Occurs in a clean, uninfected surgical wounds | Get good haemostasis, edges are opposed eg. with surgical sutures
85
What are the 3 stages in healing by first intention (with times)?
1) Inevitably you will get an area of clot forming between the edges - dont want a haematoma, just get a small fibrinous clot - 24 hours 2) 3-7 days, phagocytic cells remove fibrinous clot and organisation begins 3) Weeks - epithelia forms and get a small scar
86
healing by second intention occurs when the wound edges are not opposed, give 5 reasons why this may be the case?
1) Extensive loss of tissue 2) Apposition not possible 3) Large haematoma 4) Infection 5) Foreign body
87
How is healing by second intention different from healing by first intention?
Not a fundamentally different process More florid granulation tissue reaction More extensive scarring
88
How do ulcers heal?
Healing by second intention
89
Wound strength increases over time, what is its general strength after, 7 days, 4 weeks and 12 weeks and at what point are sutures taken out, why then?
7 days - 10% 4 weeks - 70% 12 weeks - 80% Sutures taken out on day 7, this is a compromise, wound must be able to maintain integrity but also want to remove a foreign body as soon as possible to reduce infection risk
90
How does fracture healing occur?
- When a bone is broken you get a large haematoma at fracture site - Removal of necrotic fragments by phagocytic cells - Osteoblasts lay down woven bone leading to the formation of a callus at the fracture site - Get remodelling according to mechanical stress - Get replacement by lamellar bone
91
Give 5 reasons that non union of fractures can occur?
1) Misalignment of the 2 fragments 2) Movement of the 2 fragments 3) Infection 4) Interposed soft tissue (soft tissue between the 2 fragments) 5) Pre-existing bone pathology eg. pathological fracture caused by cancer in the bone, wont heal as normal tissue has been destroyed by pathological process so no surrounding osteoblasts to lay down new bone at the fracture sight and heal the fracture
92
How do supporting cells in the CNS differ from those of the rest of the body?
Body - collagen and fibroblasts | Brain - no collagen or fibroblasts, instead have glial cells
93
How is damage to brain tissue resolved?
Damaged tissue is removed often leaving a cyst which is surrounded by reactive gliosis (proliferation of astrocytes (brains version of fibrous tissue)
94
What is meant by reactive gliosis?
Proliferation of astrocytes, a type of glial cell
95
Does scarring occur in the brain?
No you get gliosis rather than scarring
96
Healing is tightly controlled by a complex network of cytokines, why are these clinically significant?
Control needed to avoid neoplasia - the cytokines involved are those that are often perverted in neoplasia and thus are of interest in cancer therapies
97
Name 7 growth factors which are involved in the control of healing?

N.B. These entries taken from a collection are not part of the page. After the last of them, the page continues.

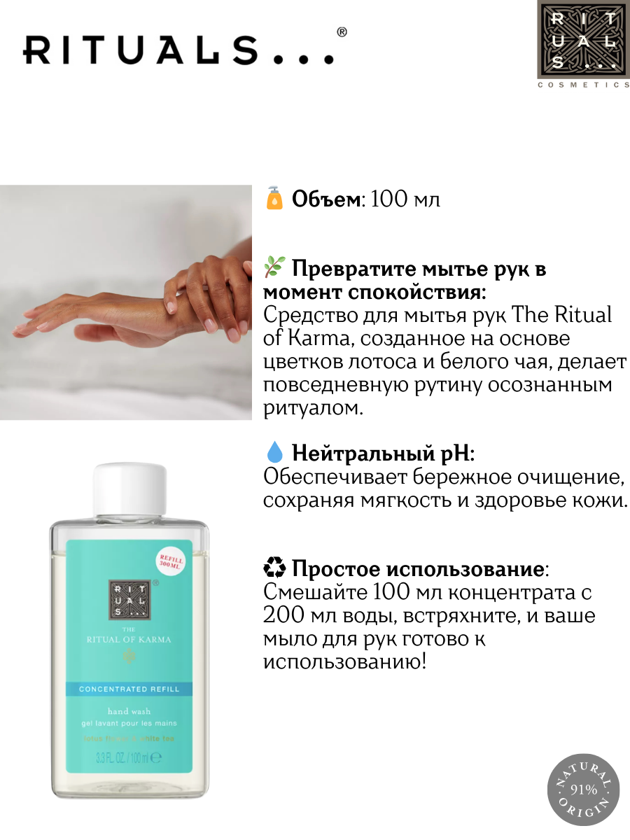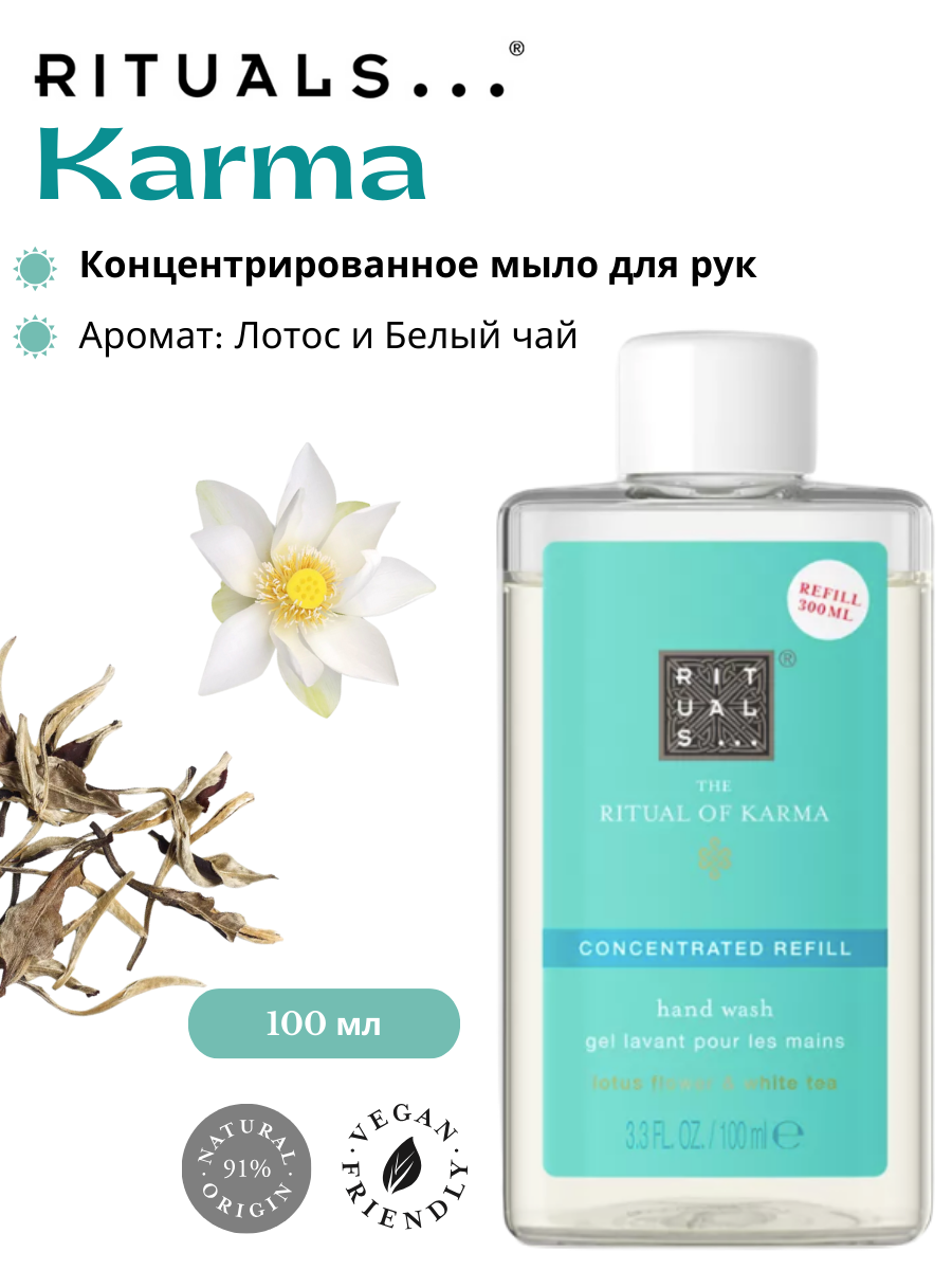 Rituals. Жидкое мыло для рук концентрированное (сменный наполнитель) «Karma» с ароматом священного лотоса и белого чая 100 мл: сравнение цен, характеристики, фото, актуальное наличие и цены.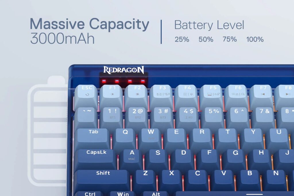 Powered by a built-in 3000mAh battery, the Redragon K656 PRO ensures you never have to worry about low battery anxiety again. You can even check the battery level anytime using the keyboard’s FN + F1 function.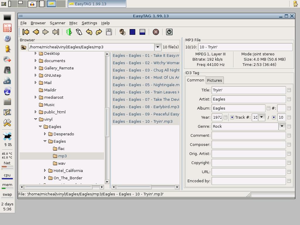 Using the program EasyTag I then load that directory, and use the GNUDB manual lookup to find the proper album, click apply to all tracks, then save the tags and file names. This will rename the tracks correctly and fill out all the ID3v2 tags, making it a lot easy to catalog and use with MP3 players.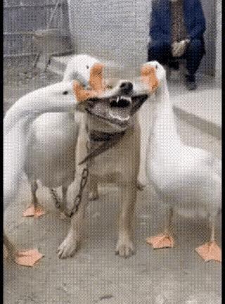 没想到大鹅这么厉害,小狗不是对手。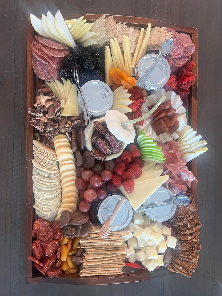 en elegant visning av diverse härdat kött och fina ostar. tillsammans med färska och torra frukter, sylt, honung, nötter, bröd och kex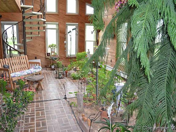 OVER 5700 SQ FT HOME WITH 5 BEDROOMS, 3 1/2 BATHS A 2 CAR ATTACHEC PLUS A 3 CAR DETACHED GARAGE. INDOOR ATRIUM, 3 FIREPLACES! MASTER BEDROOM WITH MASTER BATH. MAIN LEVEL LAUNDRY NEAR THE BEDROOMS. HUGE LIVING ROOM, DININGROOM AND FAMILY ROOM. LOFT FOR STORAGE OR A SITTING ROOM. WALK OUT BASEMENT. DECK OFF THE KITCHEN AND DINING ROOM, SPRINKLER SYSTEM FOR YARD IMMEDIATLEY AROUND THE HOME. BIG 960 SQ FT BARN. 2 - 30 AMP RV HOOKUPS! ONLY MINUTES FROM CHEYENNE.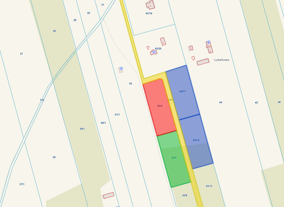 2) nieruchomości gruntowej niezabudowanej stanowiącej działkę nr 43/3 o powierzchni 0,6114 ha, położona w obrębie Ludwikowo, gmina Joniec i posiadająca założoną Księgę Wieczystą nr PL1L/000xxxxx/1 w Wydziale IV Ksiąg Wieczystych Sądu Rejonowego w Płońsku.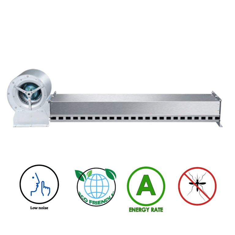 הדגם מצויד במאוורר צנטריפוגלי מתקדם המייצר זרימת אוויר חזקה ואחידה, תוך שמירה על רמת רעש נמוכה יחסית. תכנון זה מאפשר יצירת מחסום אוויר יעיל במיוחד בכניסות לחדרים מקוררים, גם כאשר יש תנועה תכופה של אנשים או ציוד.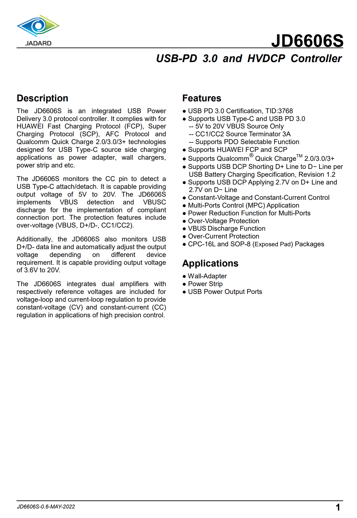 天德钰JD6606S提供恒压恒流控制,支持多口输出控制,支持输出过压,过流保护,并且集成VBUS放电功能,输出协议由电阻灵活配置,并且支持多口输出降功率,支持最大60W到最小18W输出,满足主流PD适配器输出。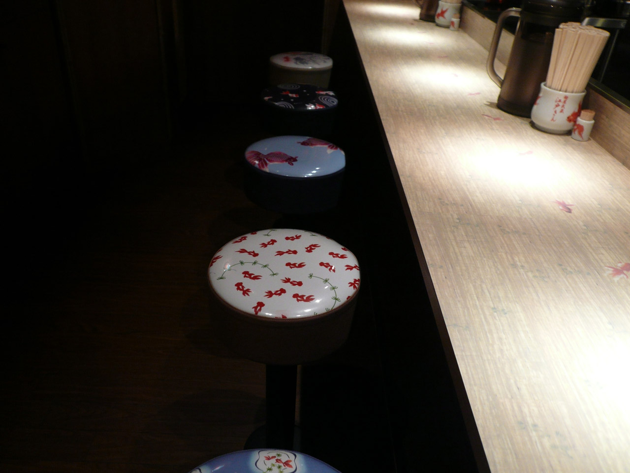 椅子やカウンター、箸立てに金魚の絵。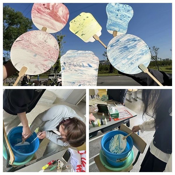 学生们分组进行了漆扇制作实践。他们亲自挑选扇型,滴漆入水,以漆为笔在水中作画,最后出水成扇。每一个步骤都精心操作,力求完美。在制作过程中,学生们不仅学会了如何运用细腻的笔触勾勒图案,还体会到了漆艺的耐心与精细。有的学生选择了山水花鸟,有的则尝试了现代抽象设计,每把漆扇都蕴含着他们的创意与情感。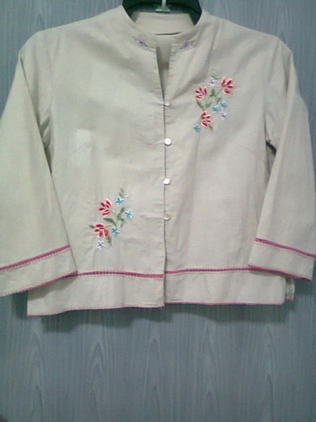 3. เสื้อสีครีมแขนยาว ลายดอกไม้ รอบอก 34 " ยาว 21 .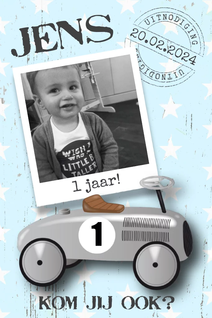 Een stoere uitnodiging met eigen foto, loopauto en sterren voor een verjaardagsfeestje! Het cijfer 1 in de loopauto kan je veranderen.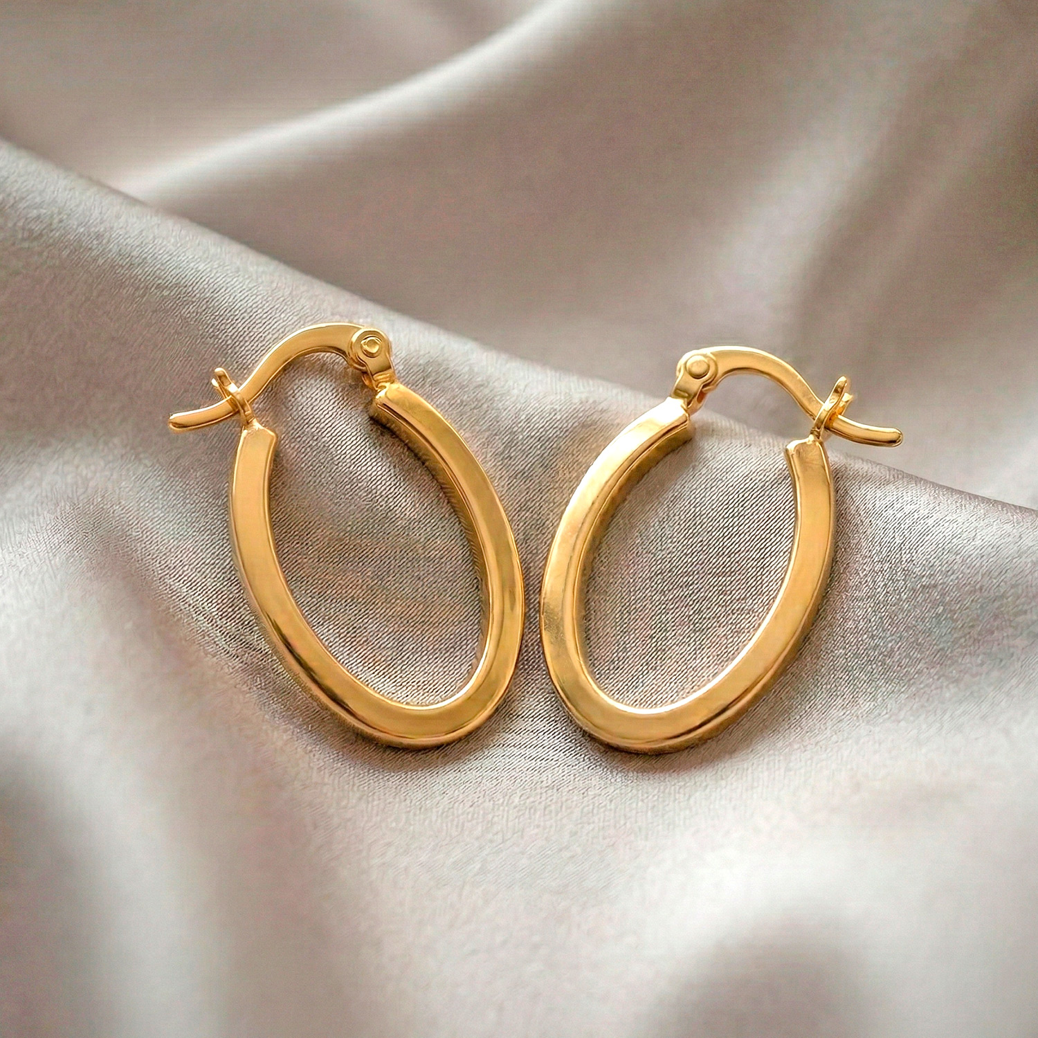 Argollas ovaladas enchapadas en oro con perfil plano y acabado pulido espejo. Una joya minimalista, sofisticada y con un diseño que estiliza el rostro de forma natural.

1) Epidermal growth factor alpha 2) Transforming growth factor beta 3) Platelet-derived growth factor 4) Keratinocyte growth factor 5) Tumour necrosis factor 6) Vascular endothelial cell growth factors 7) Transforming growth factor alpha
98
Do you get granulation tissue or a scar in healing by primary intention?
Get much less granulation tissue, often dont get a scar and often you get a return to normal tissue function
99
Do you get tissue loss and granulation tissue in healing by secondary intention?
Yes, get tissue loss and get granulation tissue replaced by a scar.